EXERCISE GOAL:
Each line starting at the one that contains "На втором этаже" and ending at the one that contains "- Mohn, Naturgarten, Papaver" must be returned exactly, and the rest of the listing is left out.
PROVIDED RECORDS section start
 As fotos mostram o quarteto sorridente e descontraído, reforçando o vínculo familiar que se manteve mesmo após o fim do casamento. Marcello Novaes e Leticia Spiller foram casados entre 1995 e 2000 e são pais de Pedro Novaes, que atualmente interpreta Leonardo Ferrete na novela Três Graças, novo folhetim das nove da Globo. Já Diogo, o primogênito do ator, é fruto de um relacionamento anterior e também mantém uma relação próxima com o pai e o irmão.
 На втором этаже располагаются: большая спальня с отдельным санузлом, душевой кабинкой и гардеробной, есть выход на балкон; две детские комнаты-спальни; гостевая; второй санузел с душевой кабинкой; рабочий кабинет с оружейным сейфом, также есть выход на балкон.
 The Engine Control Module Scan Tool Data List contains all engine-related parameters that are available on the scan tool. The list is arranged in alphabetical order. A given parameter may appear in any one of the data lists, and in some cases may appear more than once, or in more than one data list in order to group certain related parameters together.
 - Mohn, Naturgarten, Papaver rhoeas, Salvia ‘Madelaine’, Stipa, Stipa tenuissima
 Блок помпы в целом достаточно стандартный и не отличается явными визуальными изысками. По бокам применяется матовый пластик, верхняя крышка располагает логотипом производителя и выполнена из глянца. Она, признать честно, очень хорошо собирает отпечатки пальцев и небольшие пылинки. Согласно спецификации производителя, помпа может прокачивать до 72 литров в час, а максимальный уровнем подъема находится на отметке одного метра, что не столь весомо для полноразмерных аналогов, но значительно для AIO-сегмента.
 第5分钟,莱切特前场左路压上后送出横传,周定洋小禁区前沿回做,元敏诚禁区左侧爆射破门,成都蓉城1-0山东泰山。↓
PROVIDED RECORDS section end
PROVIDED RECORDS section start
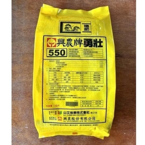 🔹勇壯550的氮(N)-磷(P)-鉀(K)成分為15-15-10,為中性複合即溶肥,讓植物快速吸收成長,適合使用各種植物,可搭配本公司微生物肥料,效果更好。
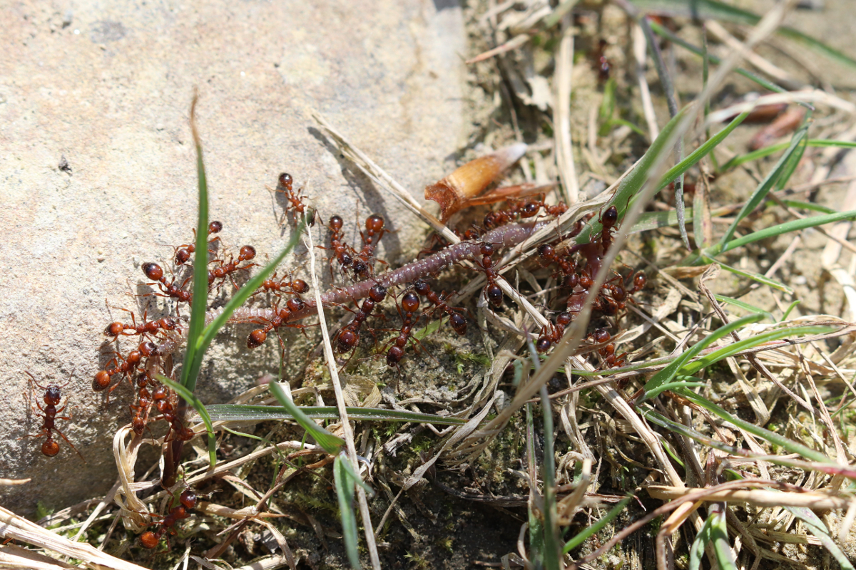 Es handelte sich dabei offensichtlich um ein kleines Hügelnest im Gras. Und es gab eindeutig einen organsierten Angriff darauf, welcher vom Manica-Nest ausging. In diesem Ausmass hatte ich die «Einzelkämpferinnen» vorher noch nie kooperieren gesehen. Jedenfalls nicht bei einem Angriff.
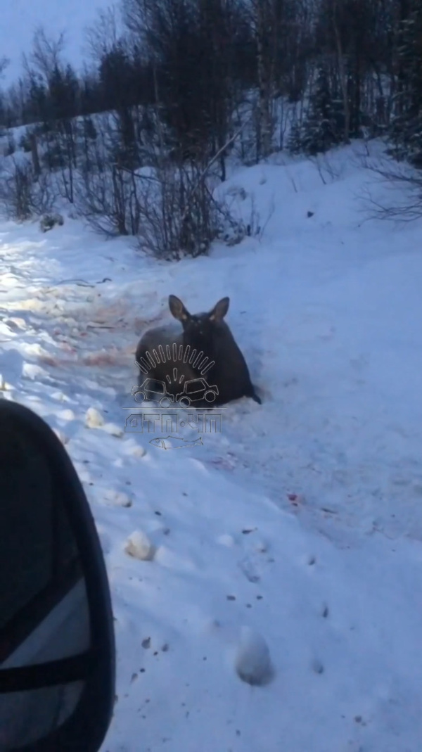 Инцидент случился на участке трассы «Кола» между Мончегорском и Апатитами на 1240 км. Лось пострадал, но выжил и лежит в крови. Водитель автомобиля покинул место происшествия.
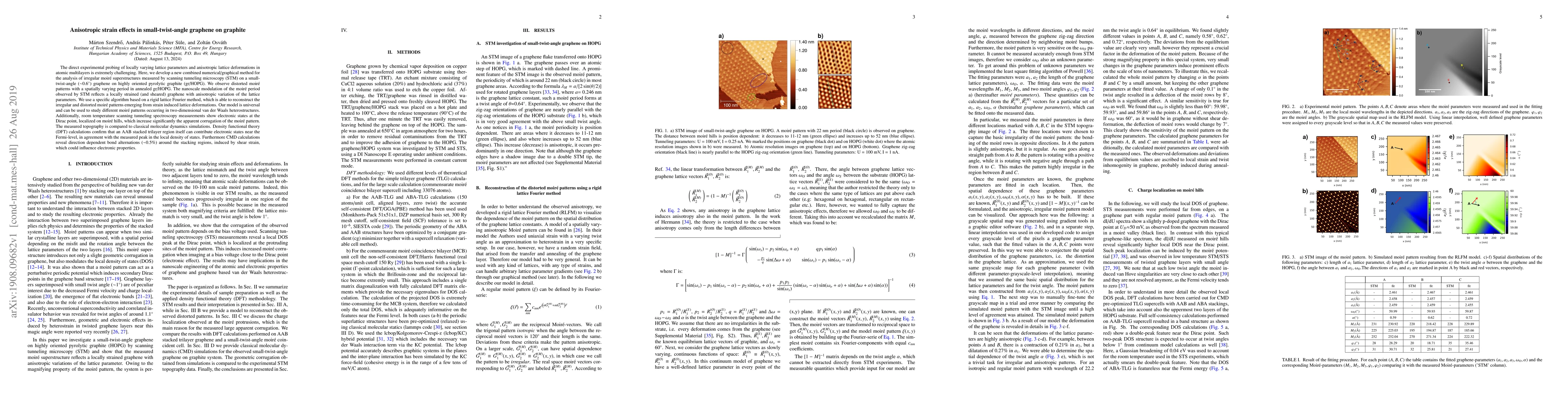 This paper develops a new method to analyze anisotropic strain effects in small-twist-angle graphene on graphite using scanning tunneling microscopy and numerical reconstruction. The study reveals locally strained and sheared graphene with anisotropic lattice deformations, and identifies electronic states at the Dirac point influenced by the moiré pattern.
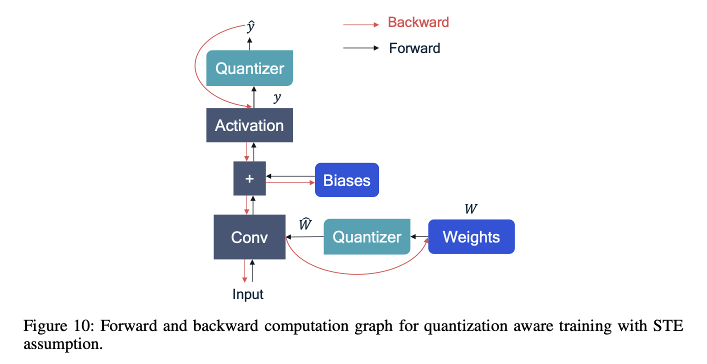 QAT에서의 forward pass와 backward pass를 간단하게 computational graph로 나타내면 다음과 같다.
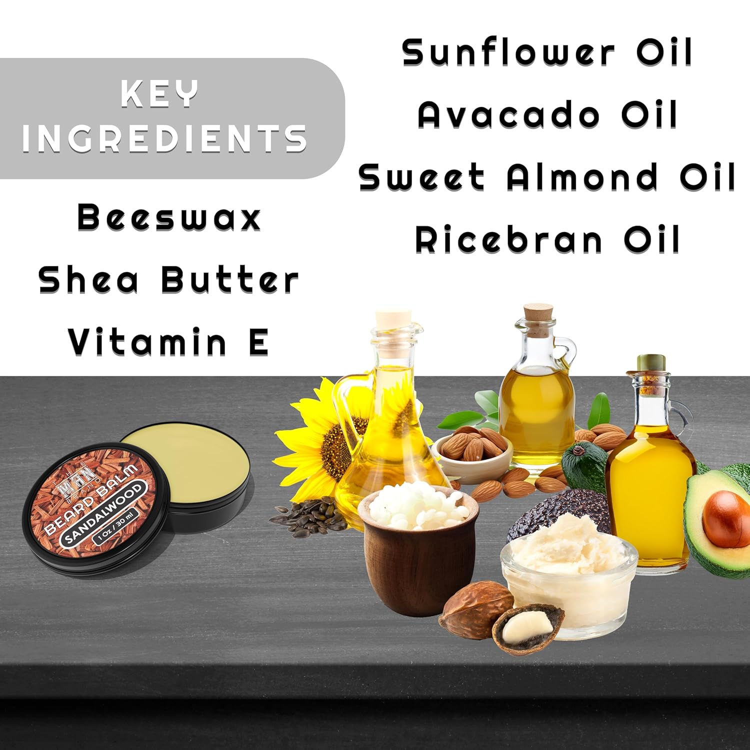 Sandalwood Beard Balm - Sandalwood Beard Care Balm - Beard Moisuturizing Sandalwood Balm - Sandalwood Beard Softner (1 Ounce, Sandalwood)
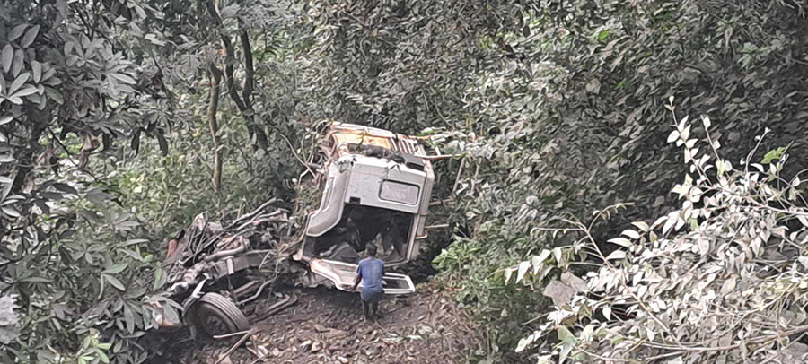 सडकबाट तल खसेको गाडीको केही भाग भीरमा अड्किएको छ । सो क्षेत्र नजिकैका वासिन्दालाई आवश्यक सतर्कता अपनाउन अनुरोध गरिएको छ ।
PROVIDED RECORDS section end
WRITTEN SOLUTION:
 На втором этаже располагаются: большая спальня с отдельным санузлом, душевой кабинкой и гардеробной, есть выход на балкон; две детские комнаты-спальни; гостевая; второй санузел с душевой кабинкой; рабочий кабинет с оружейным сейфом, также есть выход на балкон.
 The Engine Control Module Scan Tool Data List contains all engine-related parameters that are available on the scan tool. The list is arranged in alphabetical order. A given parameter may appear in any one of the data lists, and in some cases may appear more than once, or in more than one data list in order to group certain related parameters together.
 - Mohn, Naturgarten, Papaver rhoeas, Salvia ‘Madelaine’, Stipa, Stipa tenuissima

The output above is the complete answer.